Mitigating cold start problems in drug-target affinity prediction with interaction knowledge transferring

Motivation: Predicting the drug-target interaction is crucial for drug discovery as well as drug repurposing. Machine learning is commonly used in drug-target affinity (DTA) problem. However, machine learning model faces the cold-start problem where the model performance drops when predicting the interaction of a novel drug or target. Previous works try to solve the cold start problem by learning the drug or target representation using unsupervised learning. While the drug or target representation can be learned in an unsupervised manner, it still lacks the interaction information, which is critical in drug-target interaction. Results: To incorporate the interaction information into the drug and protein interaction, we proposed using transfer learning from chemical-chemical interaction (CCI) and protein-protein interaction (PPI) task to drug-target interaction task. The representation learned by CCI and PPI tasks can be transferred smoothly to the DTA task due to the similar nature of the tasks. The result on the drug-target affinity datasets shows that our proposed method has advantages compared to other pretraining methods in the DTA task.

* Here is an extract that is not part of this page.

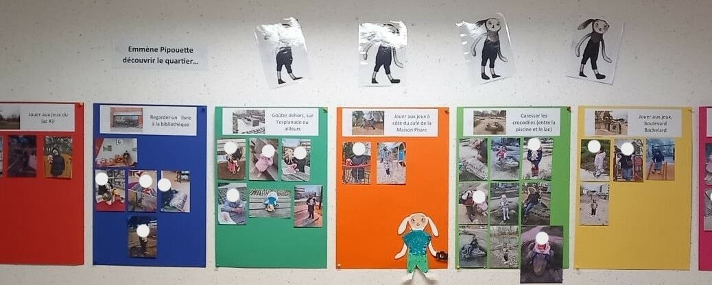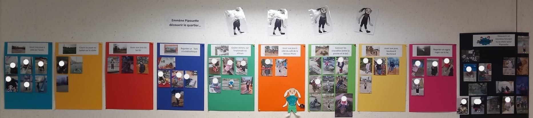 Toutes les photos envoyées de Pipouette dans les différents lieux du quartier étaient affichées dans l’école au fur et à mesure de leur arrivée.

Counterfactual Explanation with Multi-Agent Reinforcement Learning for Drug Target Prediction

Motivation: Several accurate deep learning models have been proposed to predict drug-target affinity (DTA). However, all of these models are black box hence are difficult to interpret and verify its result, and thus risking acceptance. Explanation is necessary to allow the DTA model more trustworthy. Explanation with counterfactual provides human-understandable examples. Most counterfactual explanation methods only operate on single input data, which are in tabular or continuous forms. In contrast, the DTA model has two discrete inputs. It is challenging for the counterfactual generation framework to optimize both discrete inputs at the same time. Results: We propose a multi-agent reinforcement learning framework, Multi-Agent Counterfactual Drug-target binding Affinity (MACDA), to generate counterfactual explanations for the drug-protein complex. Our proposed framework provides human-interpretable counterfactual instances while optimizing both the input drug and target for counterfactual generation at the same time. The result on the Davis dataset shows the advantages of the proposed MACDA framework compared with previous works.

GEFA: Early Fusion Approach in Drug-Target Affinity Prediction

Predicting the interaction between a compound and a target is crucial for rapid drug repurposing. Deep learning has been successfully applied in drug-target affinity (DTA) problem. However, previous deep learning-based methods ignore modeling the direct interactions between drug and protein residues. This would lead to inaccurate learning of target representation which may change due to the drug binding effects. In addition, previous DTA methods learn protein representation solely based on a small number of protein sequences in DTA datasets while neglecting the use of proteins outside of the DTA datasets. We propose GEFA (Graph Early Fusion Affinity), a novel graph-in-graph neural network with attention mechanism to address the changes in target representation because of the binding effects. Specifically, a drug is modeled as a graph of atoms, which then serves as a node in a larger graph of residues-drug complex. The resulting model is an expressive deep nested graph neural network. We also use pre-trained protein representation powered by the recent effort of learning contextualized protein representation. The experiments are conducted under different settings to evaluate scenarios such as novel drugs or targets. The results demonstrate the effectiveness of the pre-trained protein embedding and the advantages our GEFA in modeling the nested graph for drug-target interaction.